* **TASK DESCRIPTION**
For the data that follows, return each line unchanged and drop the pictures.

* **DATA PROVIDED**

'''

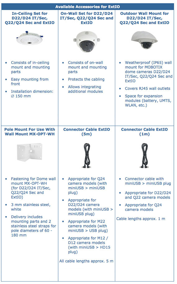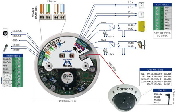 With its new ExtIO module, MOBTEK leads the way to completely new technology. The ExtIO can be connected to a camera either directly via USB or through a network and extends the MOBOTEK camera to a high-performance audio unit with microphone and speaker, infrared motion detector, temperature sensor and additional switch in-/outputs. Door and gate intercom systems are easy to implement using the two illuminated buttons.
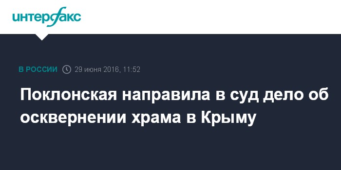 Москва. 29 июня. INTERFAX.RU - Прокурор Крыма Наталья Поклонская направила в Киевский райсуд Симферополя уголовное дело об осквернении храма экстремистскими надписями, сообщила в среду пресс-служба прокуратуры республики.
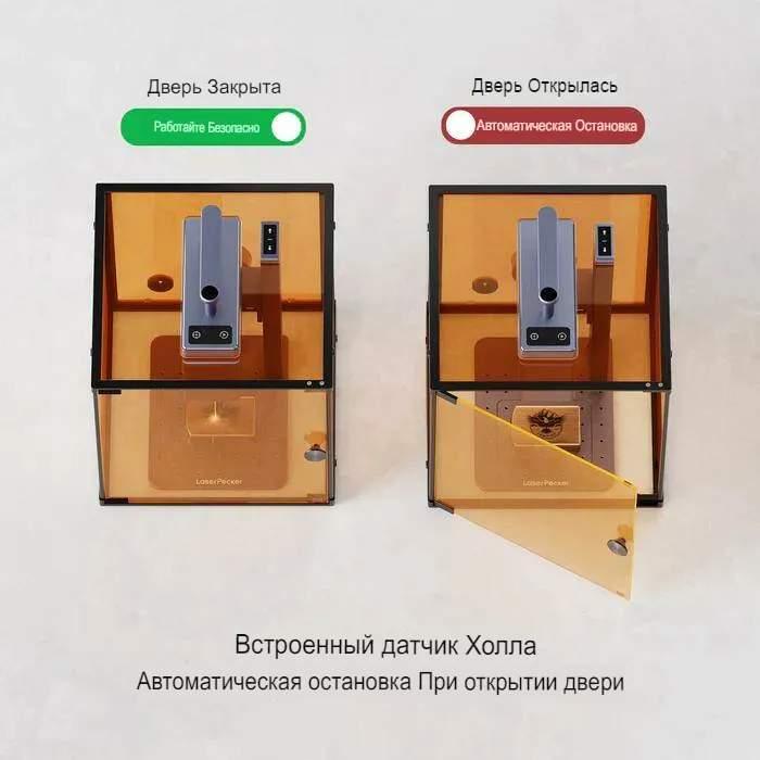 Конструкция защитного бокса LaserPecker продумана до мелочей. Благодаря датчику Холла лазер мгновенно отключается при открытии дверцы. Кроме того, прозрачные стенки обеспечивают круговой обзор 360°. Поэтому вы легко контролируете каждый этап гравировки. В результате, процесс становится не только безопасным, но и наглядным. К тому же, это значительно повышает точность работы.

'''

* **ANSWER SPACE**
 With its new ExtIO module, MOBTEK leads the way to completely new technology. The ExtIO can be connected to a camera either directly via USB or through a network and extends the MOBOTEK camera to a high-performance audio unit with microphone and speaker, infrared motion detector, temperature sensor and additional switch in-/outputs. Door and gate intercom systems are easy to implement using the two illuminated buttons.
 Москва. 29 июня. INTERFAX.RU - Прокурор Крыма Наталья Поклонская направила в Киевский райсуд Симферополя уголовное дело об осквернении храма экстремистскими надписями, сообщила в среду пресс-служба прокуратуры республики.
 Конструкция защитного бокса LaserPecker продумана до мелочей. Благодаря датчику Холла лазер мгновенно отключается при открытии дверцы. Кроме того, прозрачные стенки обеспечивают круговой обзор 360°. Поэтому вы легко контролируете каждый этап гравировки. В результате, процесс становится не только безопасным, но и наглядным. К тому же, это значительно повышает точность работы.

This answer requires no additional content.